WHAT THIS TASK INVOLVES
Write out the lines below exactly, beginning at the one with "마그네슘은 에너지 생성, 단백질" and stopping after the one with "Royal Blue Mayil"; the pictures are not copied.

╭─ INPUT

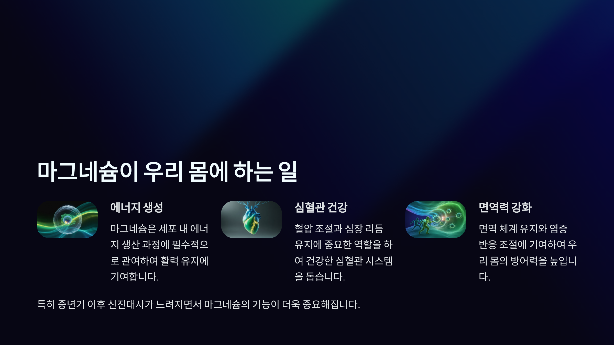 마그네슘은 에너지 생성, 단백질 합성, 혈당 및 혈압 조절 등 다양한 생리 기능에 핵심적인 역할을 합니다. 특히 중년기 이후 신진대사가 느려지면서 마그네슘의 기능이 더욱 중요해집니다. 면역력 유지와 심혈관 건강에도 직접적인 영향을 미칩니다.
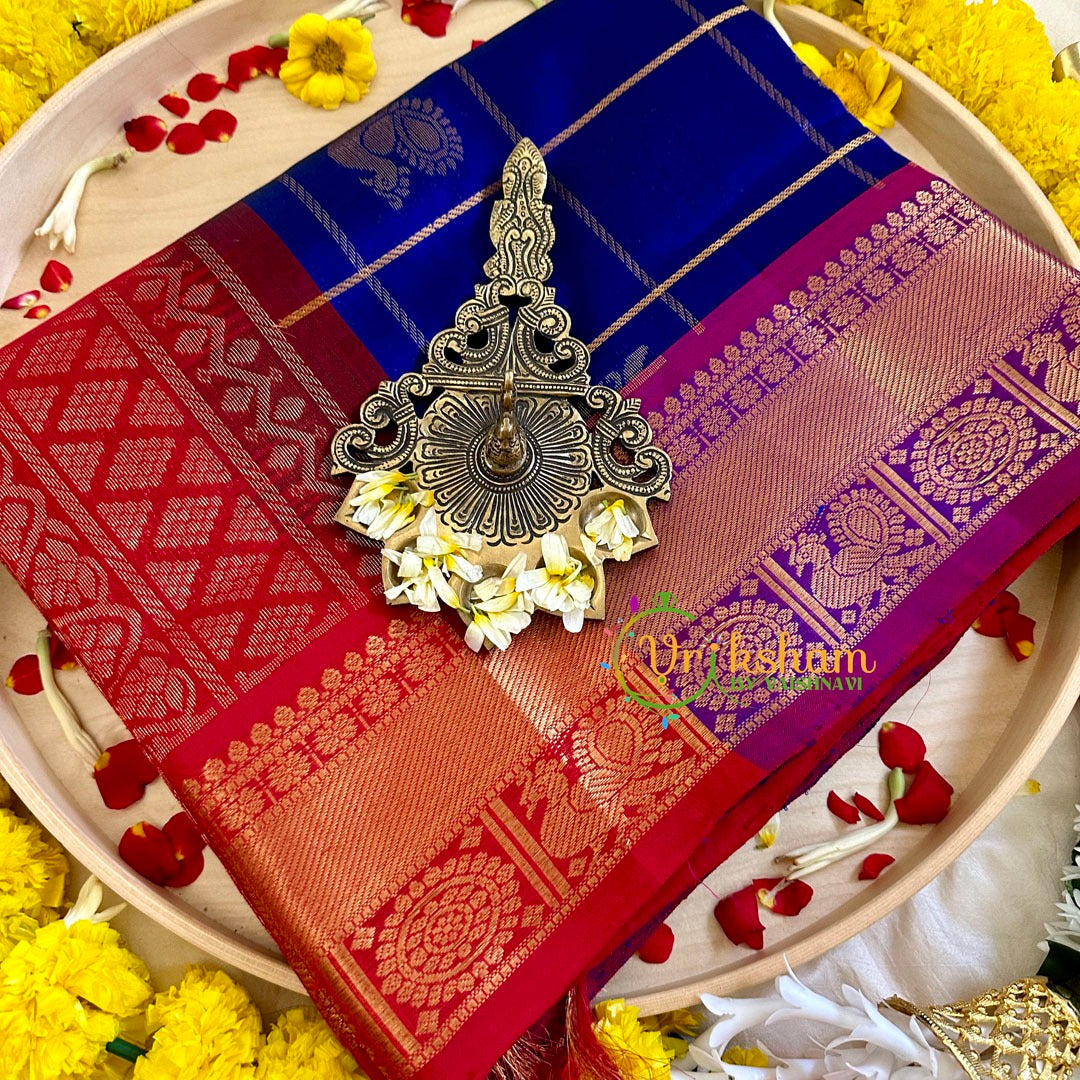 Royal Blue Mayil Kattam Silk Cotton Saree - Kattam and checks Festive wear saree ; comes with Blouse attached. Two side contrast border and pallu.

╰─
╭─ INPUT

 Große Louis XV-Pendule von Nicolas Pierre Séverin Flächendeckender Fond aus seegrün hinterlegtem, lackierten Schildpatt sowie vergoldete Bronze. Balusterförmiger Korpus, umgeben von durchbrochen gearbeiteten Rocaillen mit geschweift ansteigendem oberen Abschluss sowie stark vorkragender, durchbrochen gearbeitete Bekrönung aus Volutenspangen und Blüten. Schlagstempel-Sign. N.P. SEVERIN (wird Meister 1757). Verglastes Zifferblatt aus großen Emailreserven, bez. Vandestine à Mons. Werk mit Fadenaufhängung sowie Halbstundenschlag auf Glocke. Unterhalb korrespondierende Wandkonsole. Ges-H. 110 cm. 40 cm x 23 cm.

╰─
╭─ INPUT

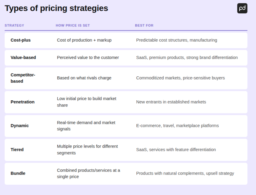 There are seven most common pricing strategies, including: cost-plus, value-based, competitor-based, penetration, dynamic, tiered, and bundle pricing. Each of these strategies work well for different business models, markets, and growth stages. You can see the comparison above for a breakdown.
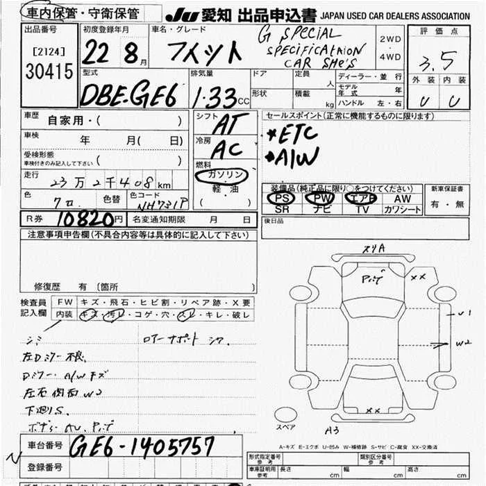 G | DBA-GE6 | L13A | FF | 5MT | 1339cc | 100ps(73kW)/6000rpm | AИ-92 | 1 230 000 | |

╰─

EXERCISE ANSWER
 마그네슘은 에너지 생성, 단백질 합성, 혈당 및 혈압 조절 등 다양한 생리 기능에 핵심적인 역할을 합니다. 특히 중년기 이후 신진대사가 느려지면서 마그네슘의 기능이 더욱 중요해집니다. 면역력 유지와 심혈관 건강에도 직접적인 영향을 미칩니다.
 Royal Blue Mayil Kattam Silk Cotton Saree - Kattam and checks Festive wear saree ; comes with Blouse attached. Two side contrast border and pallu.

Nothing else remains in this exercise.